Ming’s Christmas Wishes
Susan L. Gong
Illustrated by Masahiro Tateishi
NOTE: I received a free ecopy in exchange for a review. Also, spoilers.
This was really cute. I don’t normally review children’s books, but this one piqued my interest, so I thought I’d give it a try.
Ming’s Christmas Wishes follows a little girl named Ming as she struggles to find an identity for herself in 1930s California, torn between her Chinese roots and her American life. Barred from the school Christmas choir on account of her race, Ming hopes to at least talk her mother into a Christmas tree, but her mother vetoes this, as Christmas trees are not Chinese. Ming’s sympathetic father takes Ming to visit an old friend, Uncle Lin, and they reminisce about their adventures, which span two continents. After leaving Uncle Lin, they visit an altar built by Chinese miners, then compromise on the tree issue by harvesting a Chinese pine. At the end they decorate the tree with Chinese ornaments while the mother watches in the background, if not with complete approval then at least without open hostility.

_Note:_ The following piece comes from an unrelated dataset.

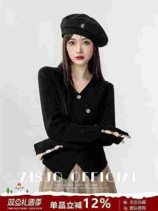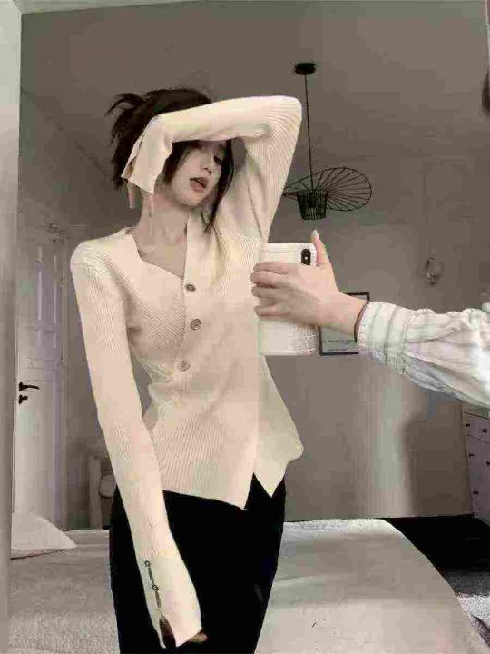 不规则v领针织衫女秋冬设计感小众毛衣开叉修身上衣潮,独立包装,550件,清7.8,分➕1

My favorite part of the book was the illustrations, which are gorgeous full-spread paintings done by Japanese illustrator Masahiro Tateishi. They’re so soft and cozy, and they set the stage beautifully. I also appreciated the setting and the details; the book was inspired by family stories passed down by Gong’s in-laws, and it includes a number of things familiar to me, from the juk (rice porridge) Ming and her father eat for breakfast to the incense they light at the altar. I’ve seen at least one reviewer note some confusion with the time period and the attitude of the American teacher who banned Ming from choir, but this wasn’t an obstacle for me, possibly because exclusion is a basic staple in Chinese American history.

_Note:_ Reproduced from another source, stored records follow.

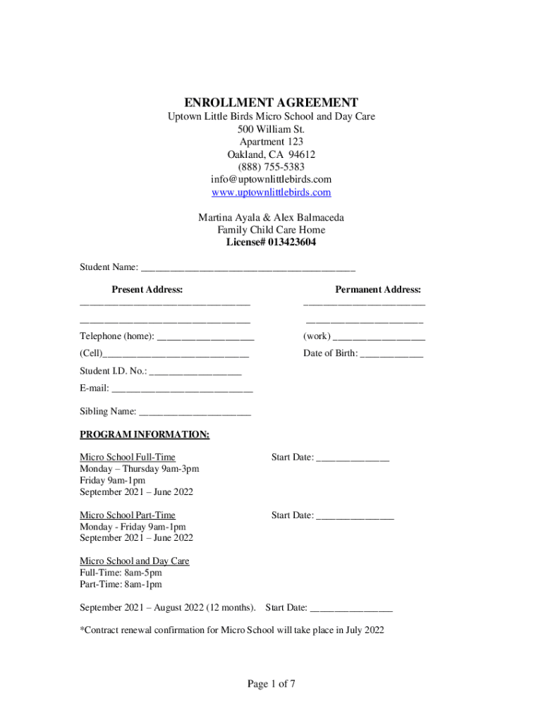 ENROLLMENT AGREEMENT Uptown Little Birds Micro School and Day Care 500 William St. Apartment 123 Oakland, CA 94612 (888) 7555383 info@uptownlittlebirds.com www.uptownlittlebirds.com Martina Ayala
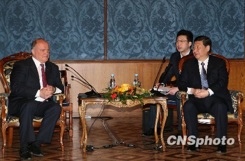 3月24日,正在俄罗斯访问的中共中央政治局常委、中国国家副主席习近平在莫斯科会见俄罗斯联邦共产党主席久加诺夫,双方就党际交流与合作等问题进行了会谈。中新社发 田冰 摄
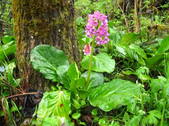 Wallpaper Bergenia beautiful perennial flowers in the forest

The trouble is that there’s not much substance to the story. The writing is okay, if a bit awkward in places, but it doesn’t make me feel anything in particular. I get what Gong was trying to do, but the book’s stated purpose got muddled in the telling. It is not, for instance, clear to me how Ming learns to “draw strength from nature, from [her] Chinese heritage, and from deep and enduring family ties,” as the cover blurb claims she does. The closest we get is this bit:
“But Mama said no Christmas tree.”
“Ah, but this is not a Christmas tree,” Pop said. “This is a Chinese pine—for long life.”
“For strong character!” Ming said.
Other than that, Pop isn’t much help. Ming explicitly tells him she is trying to fit into two places at once, but she never gets a straight answer out of him.

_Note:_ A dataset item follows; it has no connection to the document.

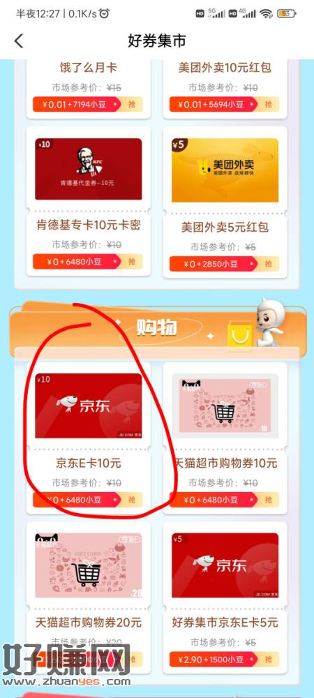 农行,我的,热兑榜单,右侧悬浮,进去后下滑到购物,e卡有货

“Pop,” she said, “I don’t fit in at school and I don’t fit in at home. What’s going to happen to me?”
He sighed. “You push too much, Butterfly. Pushing tips you off balance. Maybe you get hurt. Maybe you hurt somebody. Either way, pushing Mama won’t make you happy.” He looked deep into Ming’s eyes. “She is a good woman.”
“But she pushes me!” Ming said.
Pop sighed. “Hers is a hard story, Butterfly.”
Okay, first off: He didn’t answer her question. The question was “What is going to happen to me if I don’t feel either fully Chinese or fully American,” not “How can I get along with Mama?” The compromise with the Chinese pine is lovely and definitely fitting, but, though Ming ends up with a Christmas tree that isn’t overly American, there’s no way of knowing whether her field trip into the mountains has provided her with the armor she needs to power through the racism she encounters at school. The story is somewhat unresolved, and the characters are hard to pinpoint because they feel more like sketches than like people I might actually know. And maybe this is why the book feels so deeply impersonal to me: even though it was inspired by family stories, it doesn’t feel specific to this one particular family. It feels like it came out of a mold. It feels like a story that could be told by any Chinese American raised in the 1930s.
To be completely fair, I don’t know how Gong’s in-laws told the original story. I don’t know if she’s relating the story verbatim, or if she cobbled together several disparate stories to make a more cohesive narrative. Yet even allowing for this lack of context, it’s not obvious who the audience is supposed to be. If the book is intended for American children it should do its job just fine, though it is rather dated and I would advise parents/teachers to preface any readings with a brief explanation of the time period in which it is set, but if it’s intended for Chinese children it’s missed the mark.
Overall I think this book is a good entry point for kids who aren’t too aware of other cultures, but Chinese American kids looking for pointers on finding their way to a unified identity might be disappointed. In collecting my thoughts on this book, I asked myself, “Would I read this to my children?” And the answer, ultimately, was no. I don’t hate it. It’s not offensive. It’s not bad or mean-spirited or stereotype-ridden. It’s just very sweet and very bland, and that, in the end, was what pushed it – at least for me – from four stars to three.